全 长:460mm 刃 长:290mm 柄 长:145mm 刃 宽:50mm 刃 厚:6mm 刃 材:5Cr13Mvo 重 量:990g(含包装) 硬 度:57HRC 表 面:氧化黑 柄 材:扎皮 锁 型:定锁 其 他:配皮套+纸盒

--

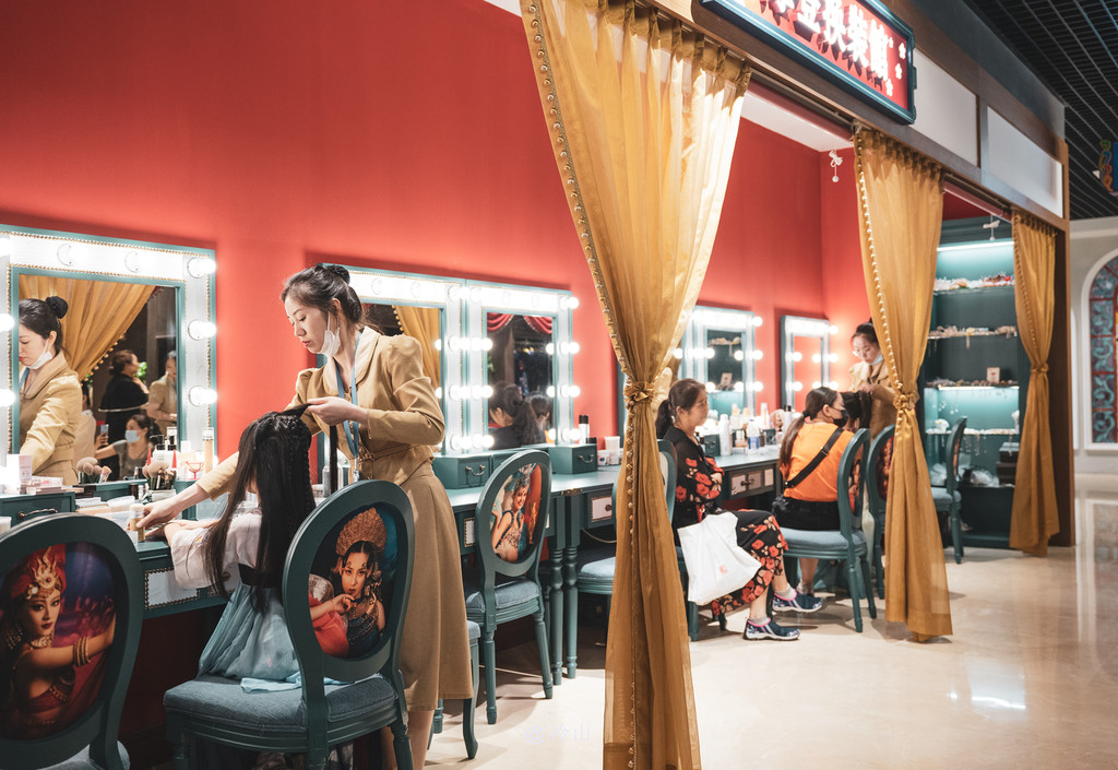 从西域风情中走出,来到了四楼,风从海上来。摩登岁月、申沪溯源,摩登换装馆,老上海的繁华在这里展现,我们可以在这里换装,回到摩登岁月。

...

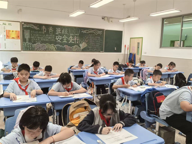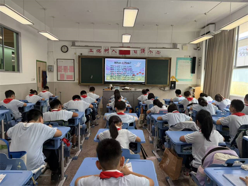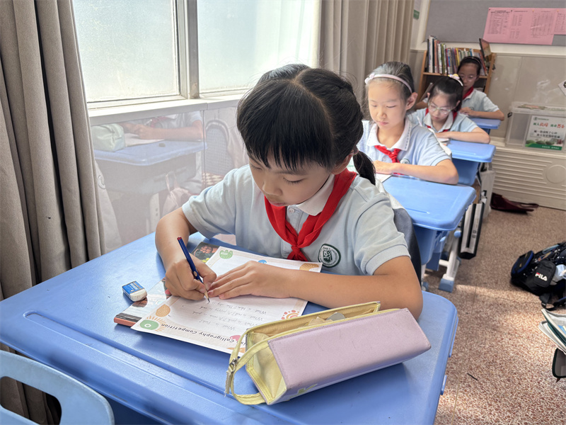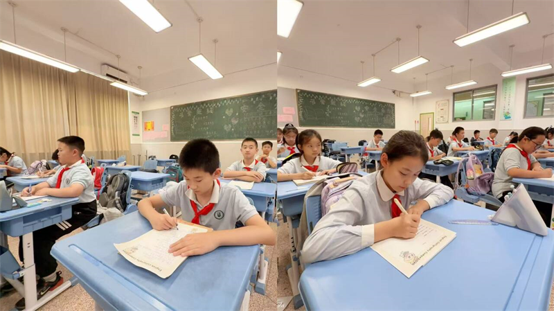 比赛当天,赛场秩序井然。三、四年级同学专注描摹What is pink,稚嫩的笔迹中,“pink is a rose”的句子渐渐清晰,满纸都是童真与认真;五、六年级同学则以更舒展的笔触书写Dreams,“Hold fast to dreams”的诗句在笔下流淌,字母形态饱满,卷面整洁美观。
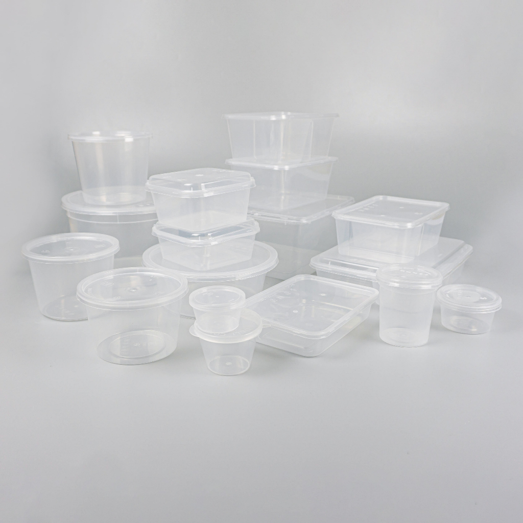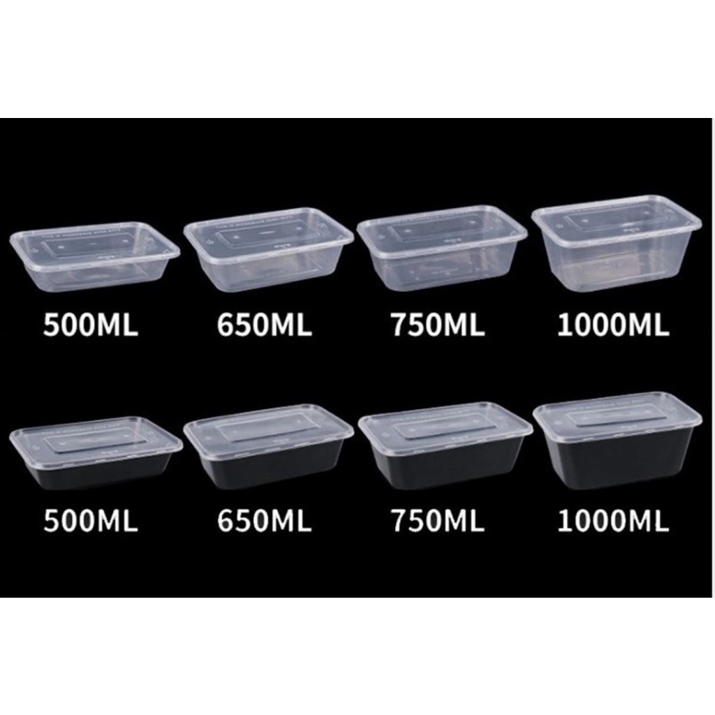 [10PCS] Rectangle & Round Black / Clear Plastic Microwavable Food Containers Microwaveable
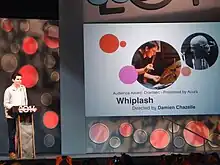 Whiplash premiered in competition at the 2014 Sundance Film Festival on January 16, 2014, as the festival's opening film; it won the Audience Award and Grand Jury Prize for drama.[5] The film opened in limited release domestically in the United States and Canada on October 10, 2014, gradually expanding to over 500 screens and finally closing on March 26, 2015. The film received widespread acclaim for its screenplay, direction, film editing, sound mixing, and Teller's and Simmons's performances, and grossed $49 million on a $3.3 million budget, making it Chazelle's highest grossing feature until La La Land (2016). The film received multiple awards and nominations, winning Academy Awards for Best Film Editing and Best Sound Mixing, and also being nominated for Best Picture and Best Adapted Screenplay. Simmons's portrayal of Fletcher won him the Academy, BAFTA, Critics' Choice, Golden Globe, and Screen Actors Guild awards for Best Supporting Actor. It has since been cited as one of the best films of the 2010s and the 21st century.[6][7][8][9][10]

- Exercise goal: Reproduce, word for word, only the lines in the records above from the line with "[10PCS] Rectangle &" through the line with "Whiplash premiered in", including both ends; omit the pictures.

- Answer to this problem:
 [10PCS] Rectangle & Round Black / Clear Plastic Microwavable Food Containers Microwaveable
 Whiplash premiered in competition at the 2014 Sundance Film Festival on January 16, 2014, as the festival's opening film; it won the Audience Award and Grand Jury Prize for drama.[5] The film opened in limited release domestically in the United States and Canada on October 10, 2014, gradually expanding to over 500 screens and finally closing on March 26, 2015. The film received widespread acclaim for its screenplay, direction, film editing, sound mixing, and Teller's and Simmons's performances, and grossed $49 million on a $3.3 million budget, making it Chazelle's highest grossing feature until La La Land (2016). The film received multiple awards and nominations, winning Academy Awards for Best Film Editing and Best Sound Mixing, and also being nominated for Best Picture and Best Adapted Screenplay. Simmons's portrayal of Fletcher won him the Academy, BAFTA, Critics' Choice, Golden Globe, and Screen Actors Guild awards for Best Supporting Actor. It has since been cited as one of the best films of the 2010s and the 21st century.[6][7][8][9][10]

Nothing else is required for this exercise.